Tienes instalado algun paquete en su rama inestable que hace que tengas que instalar los paquetes xf86-input-evdev y xorg-server inestables. Investiga en /etc/portage/package.accept_keywords y en /etc/portage/package.use/*

----------

## papu

 *pacmac wrote:*   

> Tienes instalado algun paquete en su rama inestable que hace que tengas que instalar los paquetes xf86-input-evdev y xorg-server inestables. Investiga en /etc/portage/package.accept_keywords y en /etc/portage/package.use/*

 

yo uso paquetes inestables, lo que quiero saber es si es posible configurar el teclado  sin usar evdev...hasta arreglen el problema de no poder usar xf86-input-evdev por debajo de la versión de xorg.server-1.8

he conseguido configurar el raton usando xf86-input-mouse  pero no el teclado usand xf86-input-keyboard aunque parece se detecta no funciona bien y escribe sin parar...signos.

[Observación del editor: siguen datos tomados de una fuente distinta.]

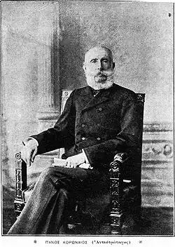 Panos Koronaios (Greek: Πάνος Κορωναίος) was a Hellenic Army officer who reached the rank of lieutenant general, and a prominent military leader in the overthrow of King Otto of Greece in 1862 and in the Cretan Revolt of 1866–1869.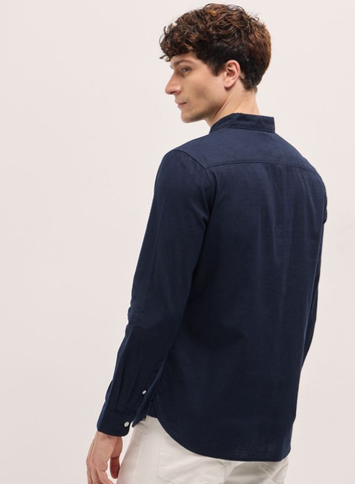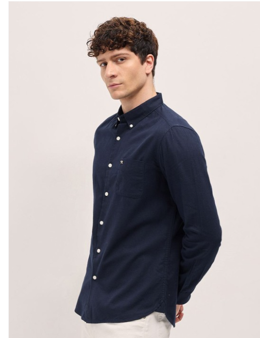 Navy blue opaque casual shirt for men

antaño  usando xf86-input-mouse y xf86-input-keyboard era facil usando xorg.conf pero parece esos paquetes ya no funcionan bien almenos el del kbd del teclado.

 *Quote:*   

> Section "InputClass"
> 
> 	Identifier	"ratolí"
> 
> 	MatchIsPointer	"on"
> ...

 

lo que me ocurre es lo que se menciona aquí  https://forums.gentoo.org/viewtopic-t-1038698-highlight-atidrivers.html

----------

## opotonil

Puedes probar con xf86-input-libinput a ver si hay suerte...

Salu2.

----------

## papu

 *opotonil wrote:*   

> Puedes probar con xf86-input-libinput a ver si hay suerte...
> 
> Salu2.

 

ya lo miré jaja pero esta  (libinput) ...grrrrrr 

lo que no entiendo es como usa evdev la  gente que tiene xorg-server 1.17, que será la gran mayoria si xf86-input-evdev esta bloqueado...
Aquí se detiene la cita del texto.